There are some points to bear in mind when it comes to choosing a dog based on its gender. Unneutered young males can be problematic when their sex hormones are raging, while females go into heat twice a year, which means extra work for the owner, as well as handling advances from male dogs and, potentially, puppies.

7-CHOOSING A PUREBRED

The advantage of a purebred dog is that you will have a fair idea of its behavioral traits, since these are breed-specific. You will also be able to predict its adult size, how much exercise it will need, food requirements, and so on. Plus, you will receive certification of the dog’s lineage, essential if you want to enter it into dog shows. On the down side, purebred dogs can be expensive to buy, and some breeds have inherent health problems.

8-CHOOSING A MIXED-BREED DOG

Even if money is no object, you don’t have to opt for a purebred pooch. Shelters are full of mixed-breed dogs (random, unknown crosses) looking for good, loving homes. One of the advantages of mixed breeds is that they do not tend to suffer from breed-related disorders. Furthermore, they often have big, fun-loving personalities.

9-COATS TO CONSIDER

Some dogs shed a lot of, and others require extra care— for example, dogs with long, silky coats need daily grooming to prevent matting, while poodles and some terrier breeds need clipping or stripping, as well as grooming. Grooming is a good chance to spend time handling your dog and checking it over for any health issues.

10-HOW MUCH SPACE DO YOU NEED?

The amount of space you need will depend both on the size and age of the dog you acquire and on the amount of exercise it receives. A mid-sized energetic dog that gets out a lot may be content simply to lounge around when indoors.

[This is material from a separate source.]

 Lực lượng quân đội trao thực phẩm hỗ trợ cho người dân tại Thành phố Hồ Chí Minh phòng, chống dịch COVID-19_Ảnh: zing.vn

11-CONSIDERING SMALL BREEDS

Even if you have decided that you want a small dog—maybe because you live in an apartment—there is still many breeds available to you. As you would expect, small dogs come in all shapes, colors, and temperaments, so there is plenty to consider when picking the right breed for you. Do not allow small dogs to get away with undesirable behavior (growling, food aggression) because of their size. You still need to be the leader of the pack.

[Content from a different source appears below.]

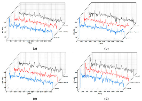 Figure 16 illustrates the frequency response of the outlet sound pressure level. The internal field noise of the three pumps shows broadband noise in the entire frequency band, and the sound pressure level decreases with increasing frequency. Moreover, there are apparent characteristic peaks at the blade pass frequency (BPF, 241.7 Hz) and harmonics.

12-CONSIDERING MEDIUM-SIZE BREEDS

A medium-size breed is a great choice, size-wise, for the family home. These breeds make up the great majority of dogs that you will see on leashes in the streets and in recreational areas and hiking spots. Kids who are old enough to run around love playing tag and ball games with their similarly sized canine companions, and a real bond often develops between them as the pair grow up together.

13-CONSIDERING LARGE BREEDS

Big dogs are not necessarily the most energetic, although some certainly require a lot of exercise. What they all need, though, is enough living space, so these breeds are only suitable for those with large houses, ideally with a decent-sized yard, too. Large dogs, in particular, really benefit from obedience training.

14- RESCUE SHELTERS

If you’re not adamant concerning having any explicit breed or form of dog, strive your native rescue shelter. In fact, they are well worth visiting even if you do have fixed ideas: it’s surprising how many purebreds are abandoned. These animals—young, old, and everything in between—are desperately in need of a good home, especially the older ones, which are all too often overlooked in favor of cute puppies.

15-REPUTABLE BREEDERS

If you opt to acquire a dog from a breeder, it is important to go to a good one, and that means putting in many hours of research. Start by asking the owners of breeds you like where they got their dogs from. Go to dog shows, too, and ask around for recommendations; word of mouth is always a good way to find a reputable breeder. The breeder should be able to supply you with all the necessary health and pedigree documentation.

16-QUESTIONS TO ASK

Especially in the case of breeders, there are certain questions that should be addressed. Are the dogs taken bent a rest room space regularly? (If so, housebreaking will usually be simpler.) Are the pups well socialized? Ask if they are being raised indoors, but look around, too, for evidence that they are.